Selain itu, banjir yang terjadi hampir setiap tahun di Jakarta menyebabkan
kelumpuhan sistem transportasi. Banjir yang terjadi menyebabkan kelumpuhan
lalu lintas di Jakarta yang juga berpengaruh pada jalannya perekonomian dan
perindustrian di Jakarta, karena dapat merusak infrastruktur. Sejak tahun 2007
Pemerintah Provinsi DKI Jakarta telah menyusun rencana kerja khusus untuk
menangani banjir di wilayah DKI Jakarta. Salah satu program dari rencana kerja
tersebut adalah pembangunan Banjir Kanal Timur, yang akan mengurangi banjir
di kawasan Timur dan Utara Jakarta kira-kira seperempat dari luas keseluruhan
Kota Jakarta. Dengan adanya Banjir Kanal Timur, kemungkinan terjadi banjir di
kawasan ini akan menjadi relatif kecil. Kegiatan lain yang juga terus dilakukan
adalah pengerukan sungai-sungai dan saluran-saluran air. Ketika banjir besar yang
terjadi pada tahun 2007, terdapat 78 titik genangan air yang menghambat
kehidupan rutin warga masyarakat Jakarta. Dengan program pengendalian banjir
yang dilaksanakan sejak tahun 2007, 16 dari genangan tersebut telah hilang dan
ditargetkan 40 genangan lainnya juga akan hilang pada tahun 2010.

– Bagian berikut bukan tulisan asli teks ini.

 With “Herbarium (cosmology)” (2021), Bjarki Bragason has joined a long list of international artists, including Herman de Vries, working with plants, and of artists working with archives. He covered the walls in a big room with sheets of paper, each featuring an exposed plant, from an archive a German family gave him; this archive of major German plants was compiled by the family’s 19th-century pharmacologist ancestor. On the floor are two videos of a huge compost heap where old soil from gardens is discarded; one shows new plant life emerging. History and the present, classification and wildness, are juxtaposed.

Hal ini menunjukkan betapa pentingnya penanganan masalah banjir dan
kemacetan bagi masyarakat dan pemerintah demi kelancaran sistem pemerintahan
dan penyelamatan lingkungan. Terdapat 4 pihak yang dapat dilibatkan dalam
pelaksanaan penanggulangan banjir dan kemacetan di Jakarta, antara lain:
1. Pemerintah Provinsi DKI Jakarta yang memiliki wewenang terhadap
pengembangan dan penyediaan sarana struktur dan infrastruktur di wilayah
Jakarta.
2. Masyarakat kota yang berkepentingan dan berkewajiban terhadap penjagaan
kebersihan lingkungan.
3. Masyarakat pendatang yang cenderung memanfaatkan fasilitas dan lahan yang
ada sebagai tempat tinggal dan tempat usaha ekonomi.
4. Pengusaha (swasta) sebagai pelaku yang melihat kondisi jalan dan sungai di
Jakarta yang kurang berfungsi dan berusaha memanfaatkannya sebagai peluang
usaha dengan peruntukan lain yang lebih ekonomis dan ramah lingkungan.

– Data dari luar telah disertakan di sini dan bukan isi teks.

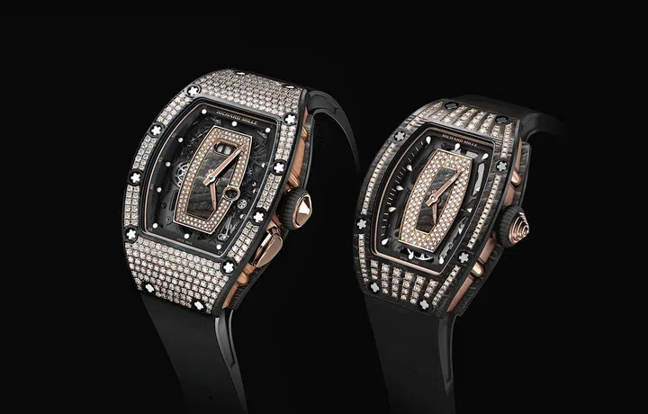 Richard Mille将品牌男士腕表的NTPT碳纤维运用在女装腕表上,配以镶钻的全新方式,既给机芯最佳的保护,又彰显了女人的韵味,这便是两款全新的女装腕表RM07-01与RM037。全手工抛光的红金或白金材质的金属爪牢牢将250颗钻石固定在腕表上,展现的是制表师卓绝的技艺。

5. Media massa yang membantu untuk membentuk pandangan masyarakat
terhadap fungsi dan manfaat inovasi sarana dan media transportasi baru dalam
mengatasi kemacetan dan banjir di Jakarta.
Fenomena Banjir di Jakarta
Banjir besar yang terjadi pada tahun 1918 membuat hampir seluruh kota
Jakarta tergenang. Akan tetapi, Herman Van Breen dengan mudah melindungi
kawasan kota dari banjir dengan menerapkan pembangunan Banjir Kanal Barat.

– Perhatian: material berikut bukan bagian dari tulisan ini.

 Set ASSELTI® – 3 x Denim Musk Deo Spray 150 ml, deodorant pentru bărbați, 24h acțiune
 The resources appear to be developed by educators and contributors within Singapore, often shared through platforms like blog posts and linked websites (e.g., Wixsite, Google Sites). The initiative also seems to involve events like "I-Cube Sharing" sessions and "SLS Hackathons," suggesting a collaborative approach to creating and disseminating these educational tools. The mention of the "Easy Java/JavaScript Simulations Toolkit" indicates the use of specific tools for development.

Panjang Banjir Kanal Barat ini adalah 17,5 km dan saat itu mampu mengatur air
yang masuk ke Batavia, dan menampung air Sungai Ciliwung, Sungai Cideng,
Sungai Krukut, dan Sungai Grogol. Sekitar sejak tahun 1920, kondisi alam Jakarta
telah berubah drastis yang merupakan dampak dari pertumbuhan penduduk dan
perluasan kawasan pemukiman serta industri. Akibatnya, daerah resapan air
tertutupi sehingga curah hujan yang terjadi di Jakarta secara langsung tersalurkan
ke sungai dan saluran-saluran air lainnya untuk kemudian dialirkan ke laut.
Salah satu dampak perubahan iklim global pada Kota Jakarta adalah
kenaikan paras muka air laut. Pemuaian air laut dan pelelehan gletser dan lapisan
es di kutub menyebabkan permukaan air laut naik antara 9 hingga 100 cm.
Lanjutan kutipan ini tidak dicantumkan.